------ Task material

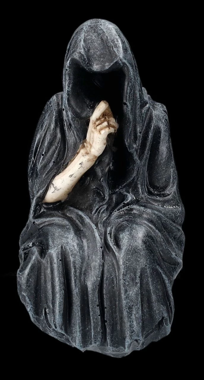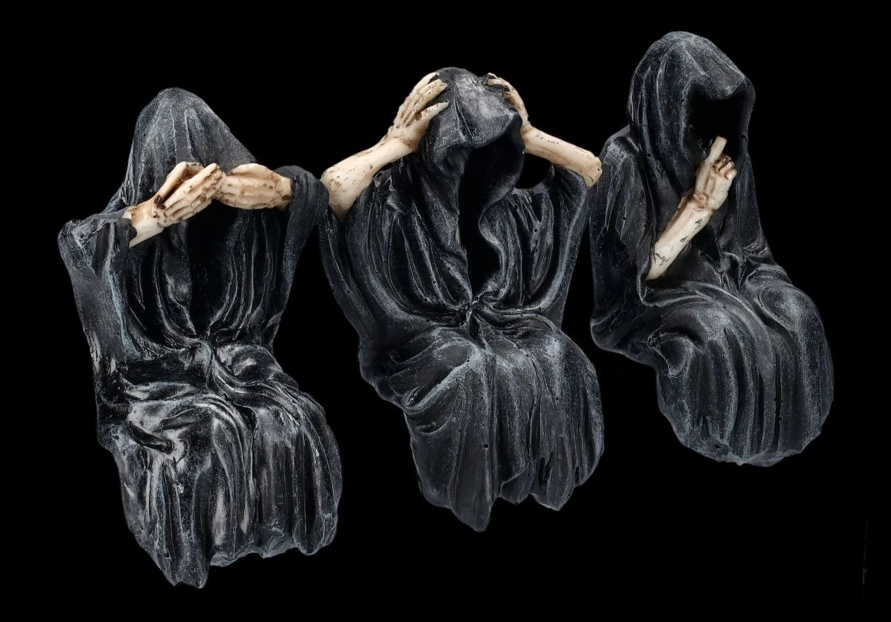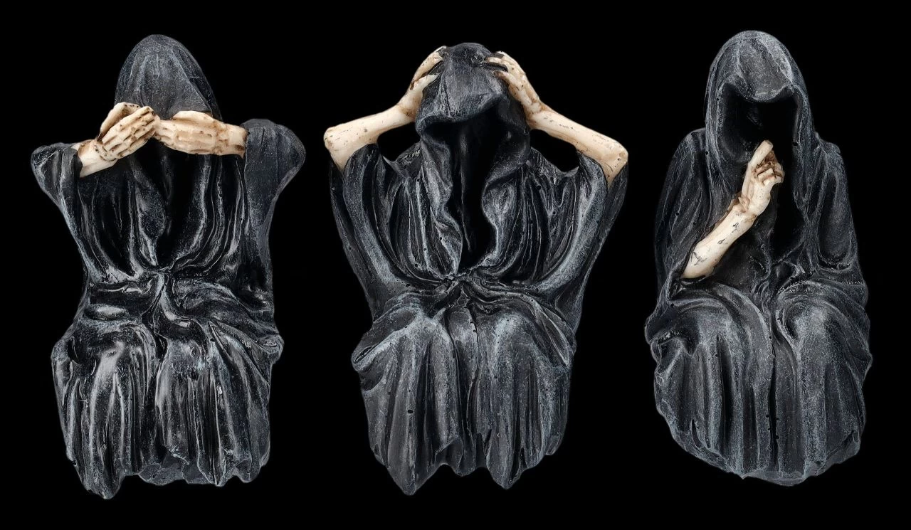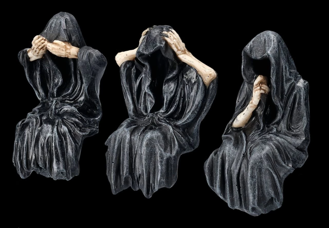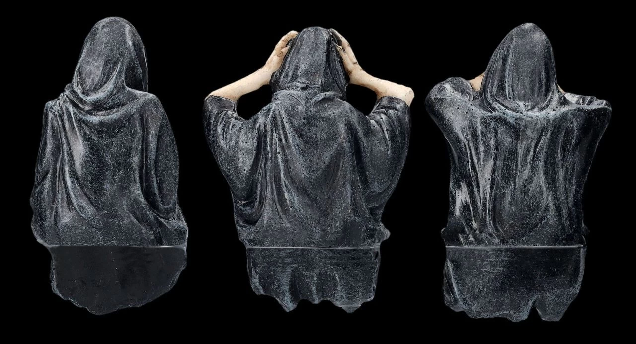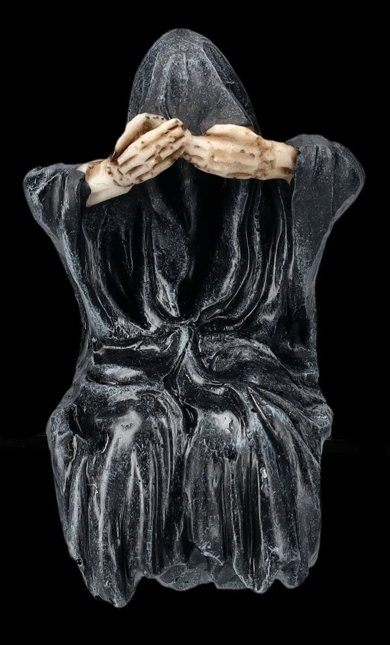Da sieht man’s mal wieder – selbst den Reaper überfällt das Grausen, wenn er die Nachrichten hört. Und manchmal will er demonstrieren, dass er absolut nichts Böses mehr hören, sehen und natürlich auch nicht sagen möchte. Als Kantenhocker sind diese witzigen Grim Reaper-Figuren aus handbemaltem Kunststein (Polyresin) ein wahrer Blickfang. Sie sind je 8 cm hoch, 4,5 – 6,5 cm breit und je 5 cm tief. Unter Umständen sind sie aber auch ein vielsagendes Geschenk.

------------
------ Task material

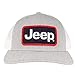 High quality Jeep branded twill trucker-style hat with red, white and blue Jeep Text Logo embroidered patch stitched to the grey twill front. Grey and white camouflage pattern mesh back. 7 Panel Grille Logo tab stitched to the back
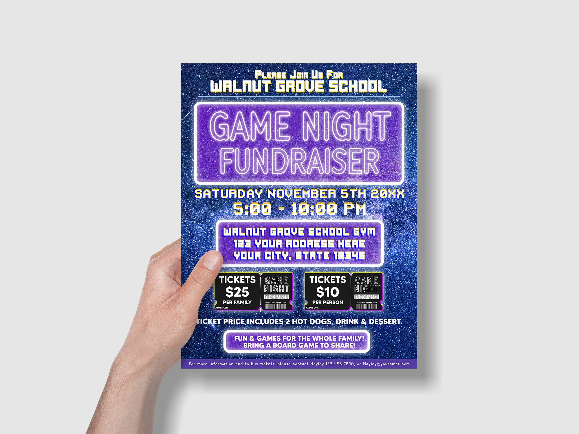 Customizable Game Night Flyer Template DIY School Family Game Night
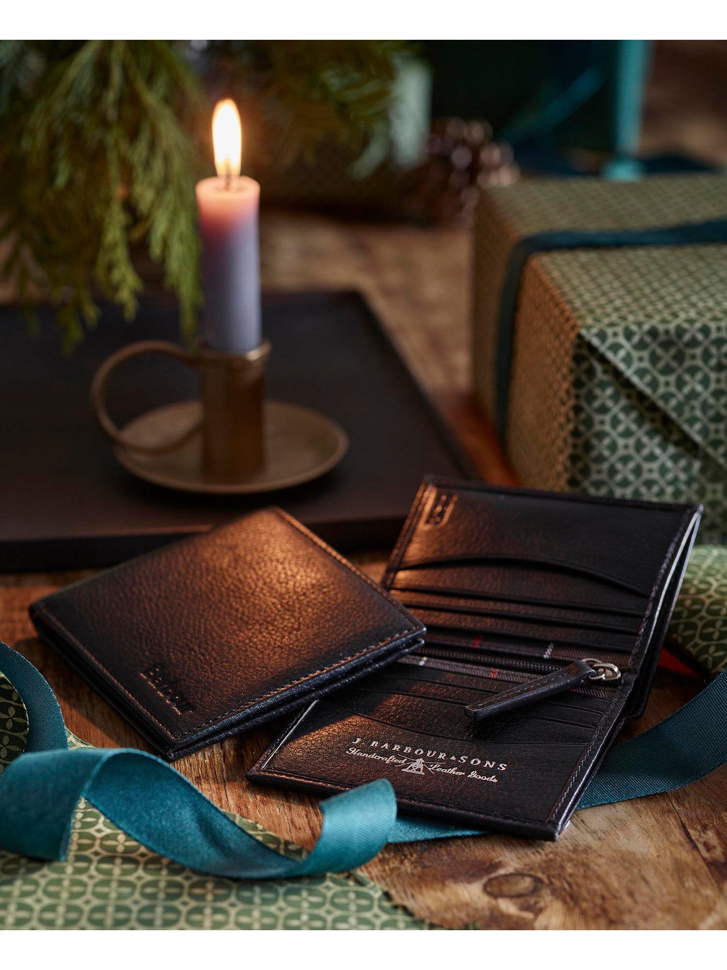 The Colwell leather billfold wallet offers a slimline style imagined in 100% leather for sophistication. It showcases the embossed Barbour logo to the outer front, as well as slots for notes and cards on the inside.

------------
------ Task material

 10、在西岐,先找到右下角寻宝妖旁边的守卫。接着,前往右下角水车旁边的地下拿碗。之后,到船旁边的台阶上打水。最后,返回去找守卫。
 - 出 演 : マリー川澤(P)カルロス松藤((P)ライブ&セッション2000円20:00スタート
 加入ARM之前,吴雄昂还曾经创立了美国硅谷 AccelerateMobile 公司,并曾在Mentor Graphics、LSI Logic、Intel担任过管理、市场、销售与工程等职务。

------------

| What the task asks |
Both boundary lines included, write out word for word only the lines above from the one containing "High quality Jeep" to the one containing "The Colwell leather", leaving out any pictures.

| Solution to this problem |
 High quality Jeep branded twill trucker-style hat with red, white and blue Jeep Text Logo embroidered patch stitched to the grey twill front. Grey and white camouflage pattern mesh back. 7 Panel Grille Logo tab stitched to the back
 Customizable Game Night Flyer Template DIY School Family Game Night
 The Colwell leather billfold wallet offers a slimline style imagined in 100% leather for sophistication. It showcases the embossed Barbour logo to the outer front, as well as slots for notes and cards on the inside.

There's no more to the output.